EXERCISE: Please repeat the records exactly, keeping the pictures out.

··· RAW DATA ···

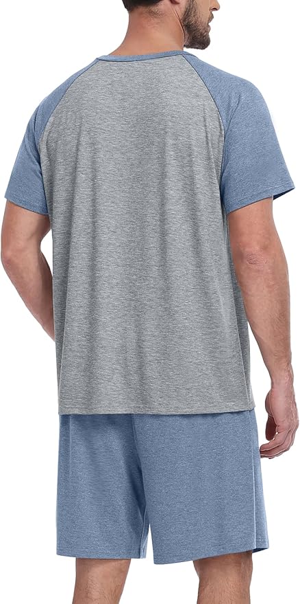 Mens Pajama Set Summer Pjs Sleepwear Lightweight Short Sleeve Pjs Soft Comfy Sleep Set With Pocket
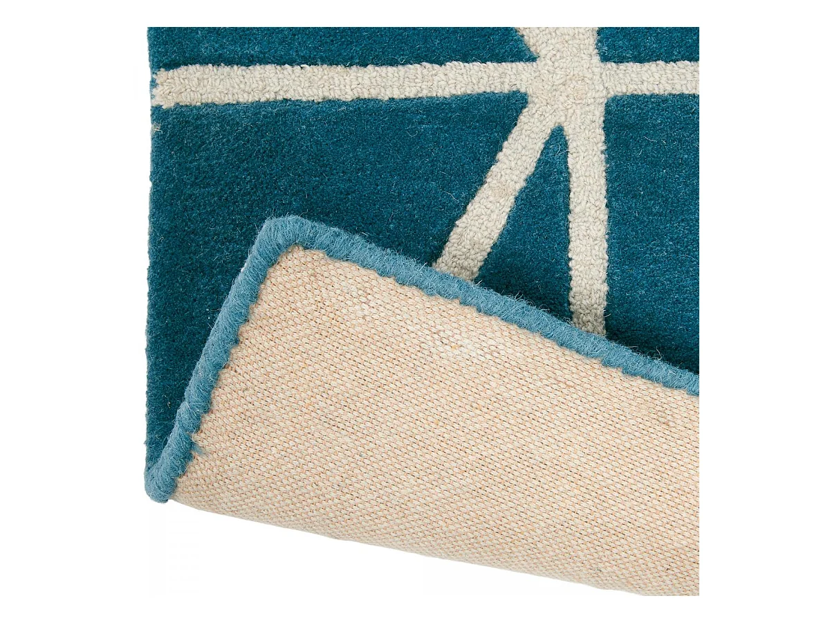 tapis salle de jeux 160x230 fait à la main en laine bleu rectangle motif abstrait
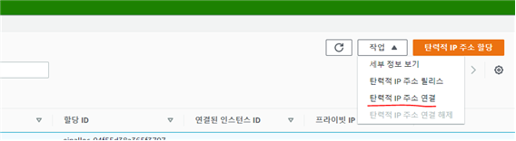 - 여기서 이제 인스턴스 ID와 연결 해 주는데 원하는 IP를 클릭한 후 오른쪽 상단 작업을 클릭한 후 탄력적 IP주소 연결을 선택해 들어가면
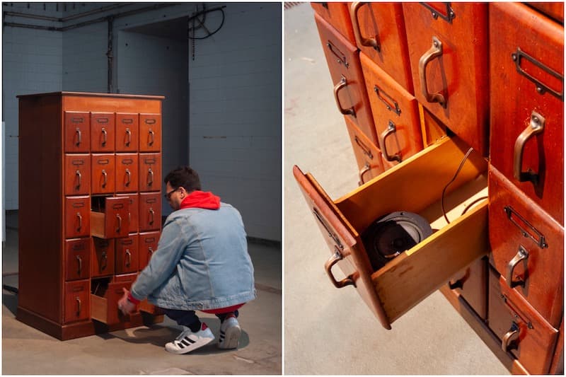 A continuación y ocupando toda la sala, The Infinity Machine (2015) nos invita a reflexionar sobre el espacio y el tiempo, con sonidos de las sondas Voyager de la NASA y espejos que crean un paisaje infinito. En la gran sala adyacente se ha instalado The Forty Part Motet (2001). La pieza nos rodea literal y emocionalmente con una composición coral compuesta por 40 altavoces. El sonido cambia dependiendo de la posición, creando una experiencia sonora íntima y única. Tras deambular entre las voces del Motet el recorrido nos lleva ante The Cabinet of Curiousness (2010). Aquí, nos invitan a abrir cajones de madera que liberan sonidos combinados de manera impredecible, evocando memorias personales y colectivas. Antes de subir a la planta de arriba, pasamos por la 2ª obra cinética de Bures Miller: Imbalance.6 (Jump) de 1998. Esta vez se muestran los pies del artista saltando en un monitor, creando, de nuevo, una sensación de agitación e inestabilidad.
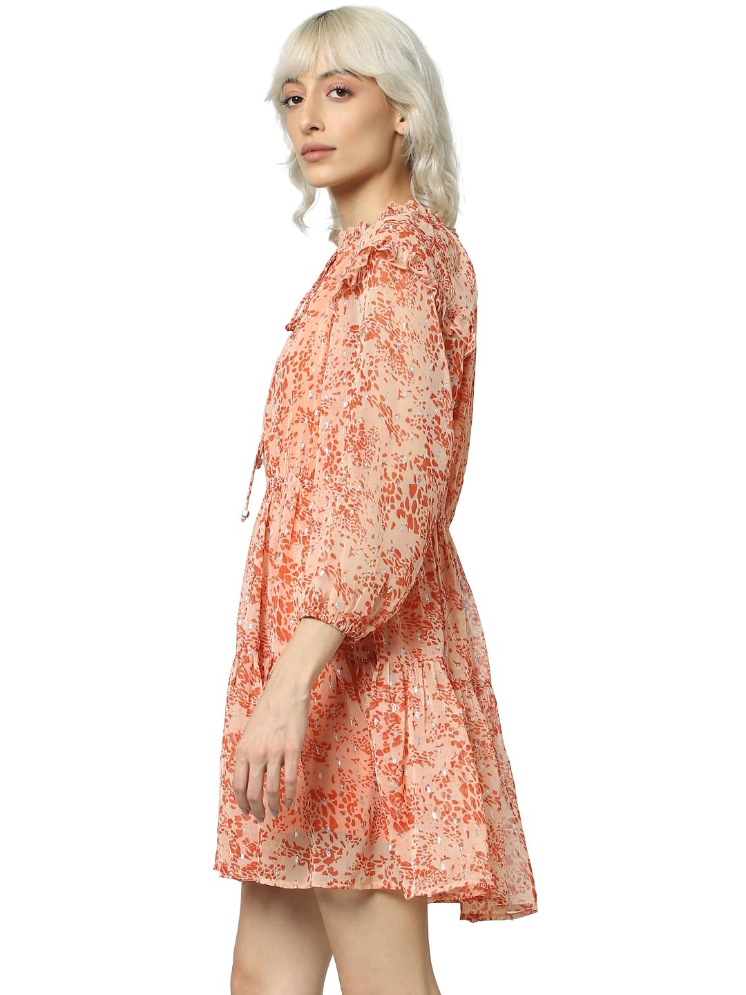 ONLY Women's Polyester Blend A-Line Above The Knee Dress (15317192-Papaya Punch_Papaya
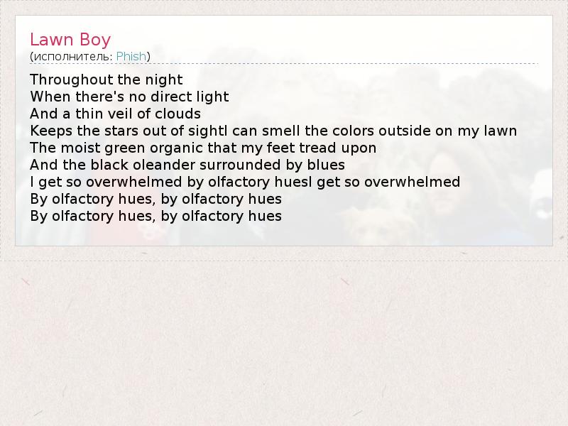 А как ты думаешь, о чем песня "Lawn Boy" ?

···

ANSWER SPACE:
 Mens Pajama Set Summer Pjs Sleepwear Lightweight Short Sleeve Pjs Soft Comfy Sleep Set With Pocket
 tapis salle de jeux 160x230 fait à la main en laine bleu rectangle motif abstrait
 - 여기서 이제 인스턴스 ID와 연결 해 주는데 원하는 IP를 클릭한 후 오른쪽 상단 작업을 클릭한 후 탄력적 IP주소 연결을 선택해 들어가면
 A continuación y ocupando toda la sala, The Infinity Machine (2015) nos invita a reflexionar sobre el espacio y el tiempo, con sonidos de las sondas Voyager de la NASA y espejos que crean un paisaje infinito. En la gran sala adyacente se ha instalado The Forty Part Motet (2001). La pieza nos rodea literal y emocionalmente con una composición coral compuesta por 40 altavoces. El sonido cambia dependiendo de la posición, creando una experiencia sonora íntima y única. Tras deambular entre las voces del Motet el recorrido nos lleva ante The Cabinet of Curiousness (2010). Aquí, nos invitan a abrir cajones de madera que liberan sonidos combinados de manera impredecible, evocando memorias personales y colectivas. Antes de subir a la planta de arriba, pasamos por la 2ª obra cinética de Bures Miller: Imbalance.6 (Jump) de 1998. Esta vez se muestran los pies del artista saltando en un monitor, creando, de nuevo, una sensación de agitación e inestabilidad.
 ONLY Women's Polyester Blend A-Line Above The Knee Dress (15317192-Papaya Punch_Papaya
 А как ты думаешь, о чем песня "Lawn Boy" ?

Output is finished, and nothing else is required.